→ EXERCISE
From the line holding "Мультиварка REDMOND M170" through the line holding "Have some fun" below, write out every line exactly; include both of those lines and drop the pictures.

→ INFORMATION SUPPLIED
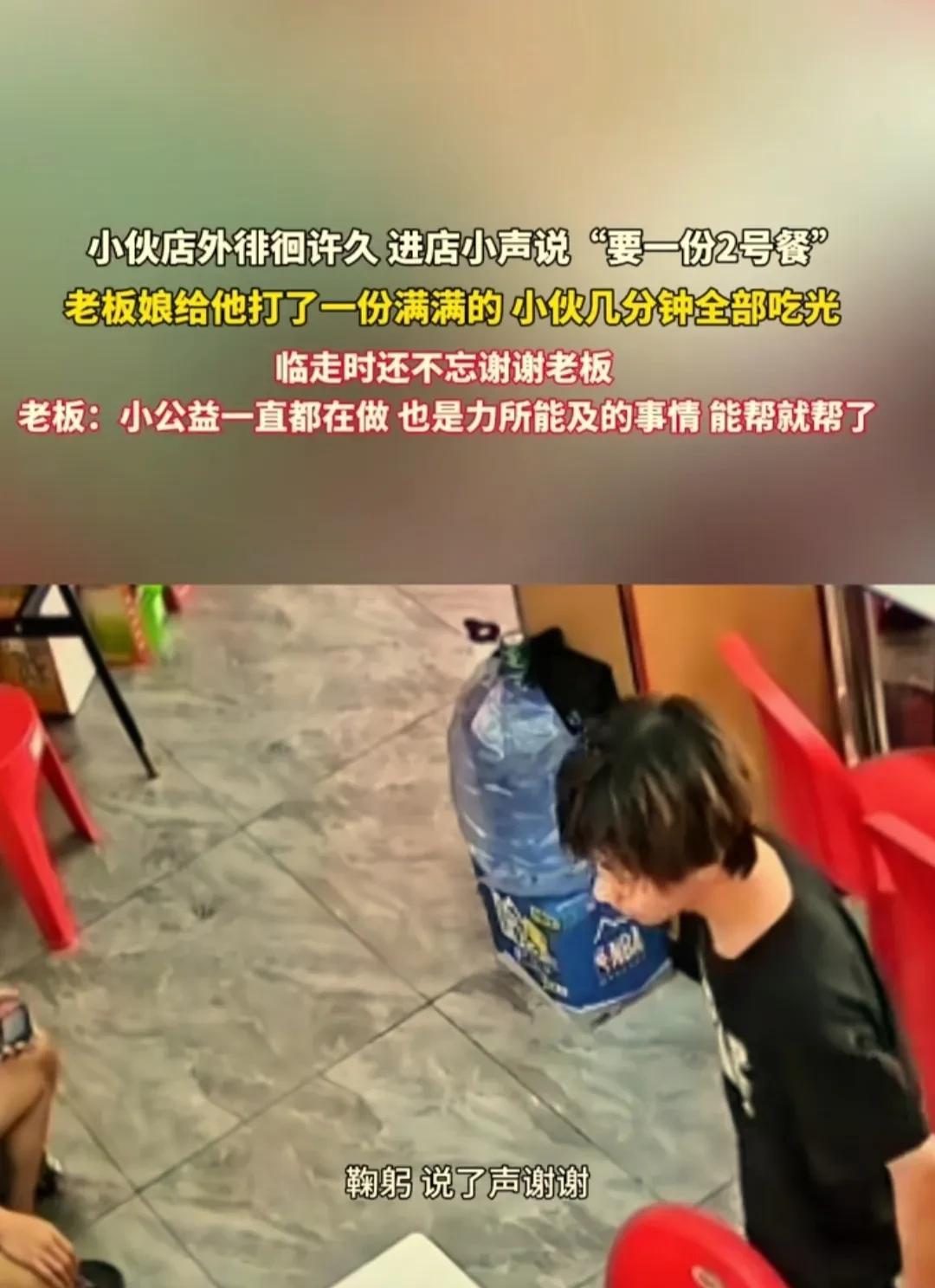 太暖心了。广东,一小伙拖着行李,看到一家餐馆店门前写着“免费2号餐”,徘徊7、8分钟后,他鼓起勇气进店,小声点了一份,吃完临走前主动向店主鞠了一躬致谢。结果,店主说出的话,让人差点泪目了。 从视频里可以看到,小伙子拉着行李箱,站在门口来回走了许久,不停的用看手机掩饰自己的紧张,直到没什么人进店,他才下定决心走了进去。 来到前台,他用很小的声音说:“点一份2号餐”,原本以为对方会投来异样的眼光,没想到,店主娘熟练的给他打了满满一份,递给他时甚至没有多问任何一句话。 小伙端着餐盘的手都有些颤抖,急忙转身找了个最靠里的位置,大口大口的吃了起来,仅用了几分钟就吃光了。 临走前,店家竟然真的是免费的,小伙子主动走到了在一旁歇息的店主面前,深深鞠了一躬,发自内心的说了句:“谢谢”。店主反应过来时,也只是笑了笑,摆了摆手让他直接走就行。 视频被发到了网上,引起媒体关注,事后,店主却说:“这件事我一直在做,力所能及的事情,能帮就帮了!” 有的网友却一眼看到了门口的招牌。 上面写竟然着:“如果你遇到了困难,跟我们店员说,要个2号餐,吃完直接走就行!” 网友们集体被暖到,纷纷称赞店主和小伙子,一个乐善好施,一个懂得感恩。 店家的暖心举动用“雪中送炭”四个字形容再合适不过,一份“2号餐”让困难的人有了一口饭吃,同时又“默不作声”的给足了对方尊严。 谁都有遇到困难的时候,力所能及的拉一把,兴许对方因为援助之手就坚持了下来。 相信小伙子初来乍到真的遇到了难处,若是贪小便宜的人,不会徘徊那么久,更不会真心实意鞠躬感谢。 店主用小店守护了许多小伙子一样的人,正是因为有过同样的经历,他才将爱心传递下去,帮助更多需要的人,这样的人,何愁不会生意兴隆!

==

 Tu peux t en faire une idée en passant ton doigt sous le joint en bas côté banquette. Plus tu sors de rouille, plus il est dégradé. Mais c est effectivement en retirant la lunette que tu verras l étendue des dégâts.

---

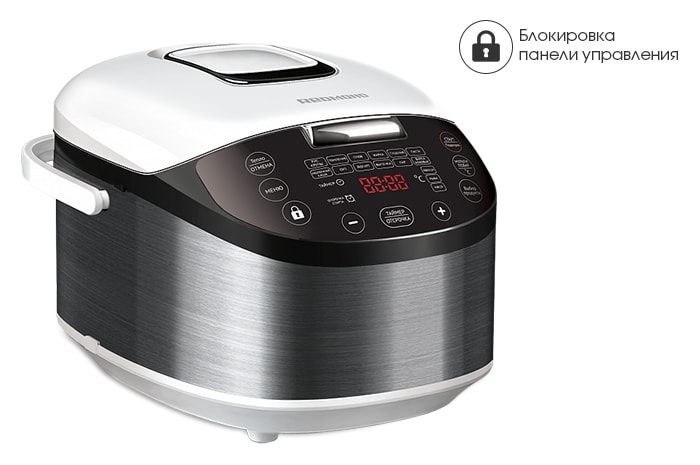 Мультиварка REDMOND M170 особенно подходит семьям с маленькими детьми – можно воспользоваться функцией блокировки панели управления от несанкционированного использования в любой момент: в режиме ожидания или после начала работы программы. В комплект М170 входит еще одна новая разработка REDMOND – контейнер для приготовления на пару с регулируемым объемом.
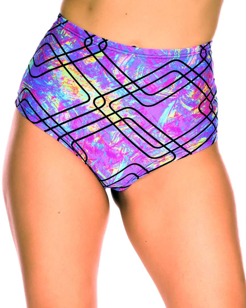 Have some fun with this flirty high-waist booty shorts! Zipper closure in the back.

→ ANSWER SECTION
 Мультиварка REDMOND M170 особенно подходит семьям с маленькими детьми – можно воспользоваться функцией блокировки панели управления от несанкционированного использования в любой момент: в режиме ожидания или после начала работы программы. В комплект М170 входит еще одна новая разработка REDMOND – контейнер для приготовления на пару с регулируемым объемом.
 Have some fun with this flirty high-waist booty shorts! Zipper closure in the back.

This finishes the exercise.